Are these guys biding their time until they can grab their socialist worker-sister’s pocketbook?

Let’s list what is odd about this photo taken in a North Korean rail station:

  1. You could eat off the floor of the station
  2. All the men have exactly the same haircut
  3. Seven people, 0 iPhones
  4. People are doing something that I think used to be called reading a newspaper

What about that woman on the right? She’s wearing her backpack backwards. Any photo of any public space anywhere in the world will include bunches of people, usually women, doing the same thing. They do it to foil pickpockets.

North Korea has pickpockets?

Looking beyond the obvious — that the workers’ paradise isn’t — what could a North Korean have to pick? Doesn’t look like she has a lot of wheat or rice in the bag. Mass cards from Kim Jung-Il’s funeral? It’s damn sure not an mp3 player or a wallet full of credit cards.

The only thing that makes sense is maybe tranqs. Living in the treads of your glorious leader’s boot has got to be immeasurably stressful.

The bigger mystery, however, is her footwear. White soles on black shoes. White?

Chemist Finds Evidence That God’s A Programmer And You’re His PC

Wednesday, January 11th, 2012

Note: This post originally ran on True/Slant in 2010. Not knowing when or if the archive of this defunct brand will be deleted, I’m moving some stories here.
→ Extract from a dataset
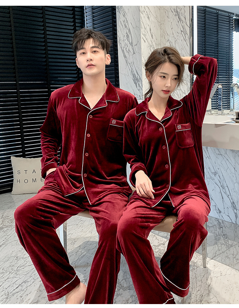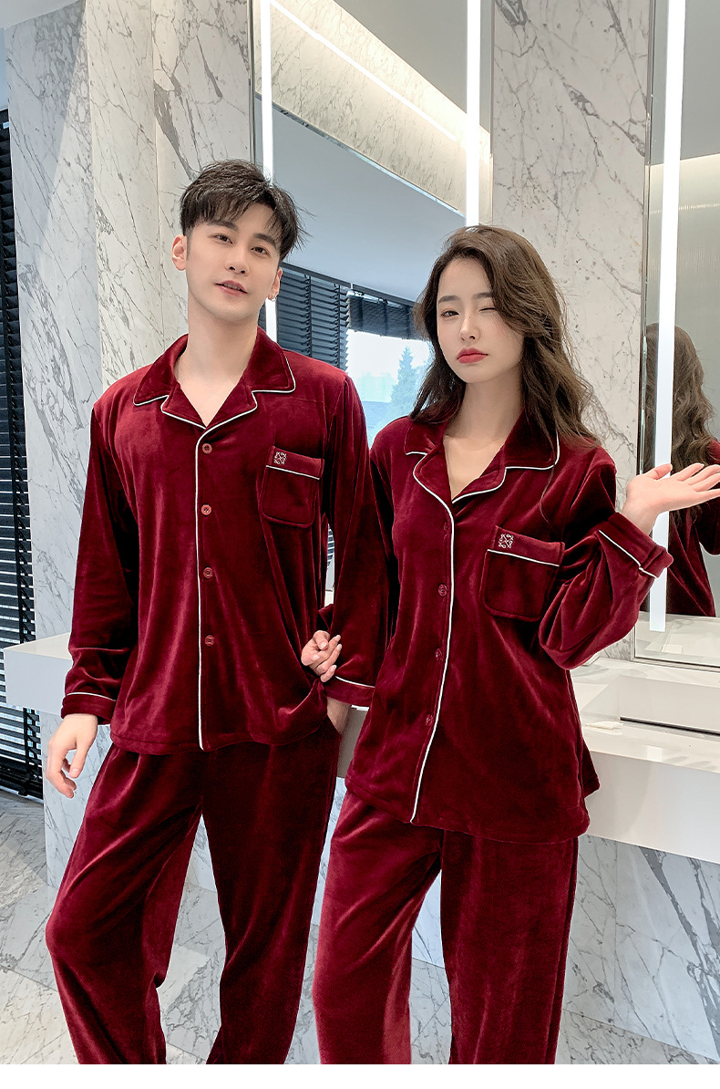 커플 Sea Island 벨벳 가을과 겨울 중간 두께의 부드러운 편안한 스트레치 레드 남성 잠옷 더블 팬츠 포켓 여성용 홈웨어

I sympathize with people who look at science’s explanation of life and find it too fanciful to be true.

A navy of invisible granules with long tails swim out of a penis and up a vagina, through an unremarkable opening, into a lightless cavern, seeking something they have never seen before — an egg. There they get really frantic, trying to get through the egg’s wall, spit out a chemical code and die. As improbable and herculean as this mission is, it succeeds often enough that humans are in danger of stripping an entire planet of its resources.

And it all happens without a guiding hand.

The alternate theory, explained to me by the severe Sister Julie in an especially stern mood, is that God looks at every man and woman and decides whether they should get a baby.  If yes, He touches the woman’s belly once, to create a child that would be a blessing for the parents. Or He touches her belly twice, to create a child who’d be a lifelong trial for the parents, their family and friends and their community. Sister Julie told me God had touched my mom’s belly three times, and while she didn’t explain what three pats meant, I was sitting facing a corner at the time, so I assumed I might grow up to be a complete blight.

That to me seems a little fanciful, too, and equally exclusionary in terms of integrating any other sources of possible wisdom.

Now before any Crusaders climb on a horse with a sword, there’s a new theory that we should consider, one proposed by Dr. Pallacken Abdul Wahid Ph.D., an expert in agronomy and crop science and a retired dean at India’s Kerala Agricultural University.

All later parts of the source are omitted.